I appealed to HMRC immediately, sending them an explanatory letter, with written evidence from the kitchen supplier, and they have said they will decide the appeal by 11 January 2017. The kitchen supplier are also looking at how to refund us the ~£500 VAT they charged us in error. They’ve admitted it was their error, but their accountant is working out how to deal with it.
My mistake, in part, as I didn’t spot that one line in the 40-odd items that made up the kitchen components. It’s now in the hands of HMRC and the kitchen supplier as to whether we get all, or some, of that VAT back.
The moral of this tale is to check, check and check again, before you send your claim in to HMRC. You cannot telephone them or email them to explain things or question anything, as they warn you that attempting to do so will increase the time it takes them to process your claim (my guess is that you go back to the end of the queue if you try and contact them, midway through the process).
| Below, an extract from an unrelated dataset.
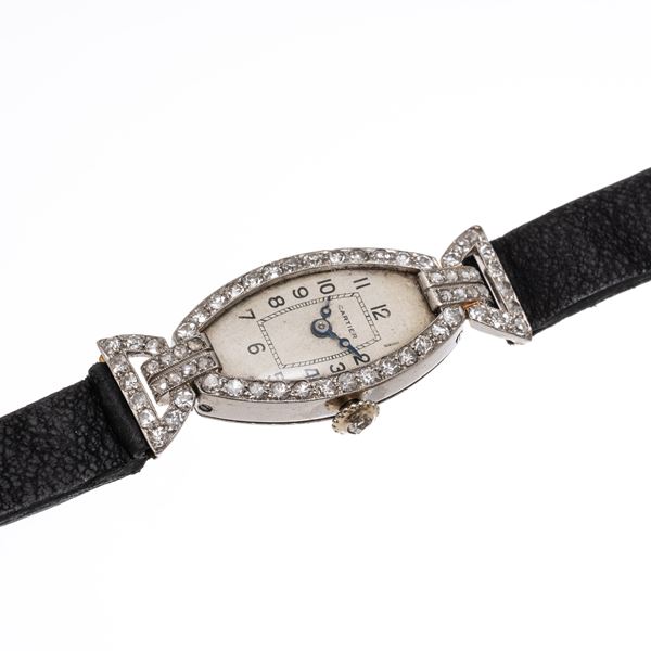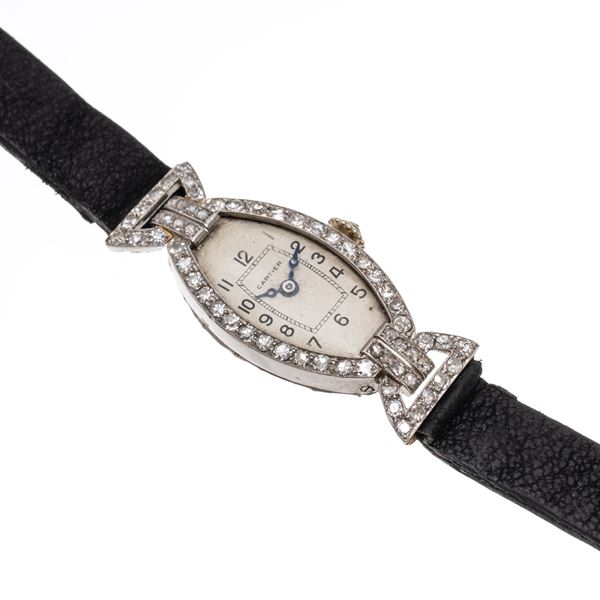 OROLOGIO SOLO TEMPO A CARICA MANUALE IN PLATINO CON QUADRANTE BIANCO E CASSA DIAMANTI TAGLIO BRILLANTE

We’re now in the process of getting our old house ready to market, hopefully not long after Christmas, and begin moving in to the new house, as the new furniture arrives (probably late January, early February).
All the house systems have been up and running for the best part of a year now, with a few teething problems, but nevertheless everything generally all works OK. The temperature control is extremely effective. Temperature stability is excellent, no matter what the outside temperature does, with the combination of relatively low mass, relatively high heat capacity, good surface conductivity, high insulation level, good airtightness and heat recovery ventilation and a tiny bit of heat put into the floor every day or two when it’s very cold, working well.
The key is that the house has a high thermal time constant, due primarily to the good insulation, high decrement delay factor and high heat capacity. It proves beyond any doubt whatsoever that mass has sod all to do with maintaining a steady temperature, in fact I think there’s a strong case for advocating that too much mass and too little thermal capacity, could well end up with a less comfortable house. This is, without a doubt, the most comfortable house we’ve lived in ever.
There have been a some changes to some of the systems, in the light of experience, so the next blog entry will focus very much on the house as-built, and this may well mean that some earlier blog entries may no longer represent what actually works. Things evolved as we went along, primarily to do with the hot water system, the heating controls and the water treatment system. For example, I found that controlling the slab temperature was a poor way to keep the house at a constant temperature, even though theory suggested it should be better, so the floor temperature sensing and control was removed and replaced by a much simpler room thermostat, that controls the house temperature far, far better than even the best proportional, weather compensating, floor temperature control I could device ever managed.
More on all this in the next episode.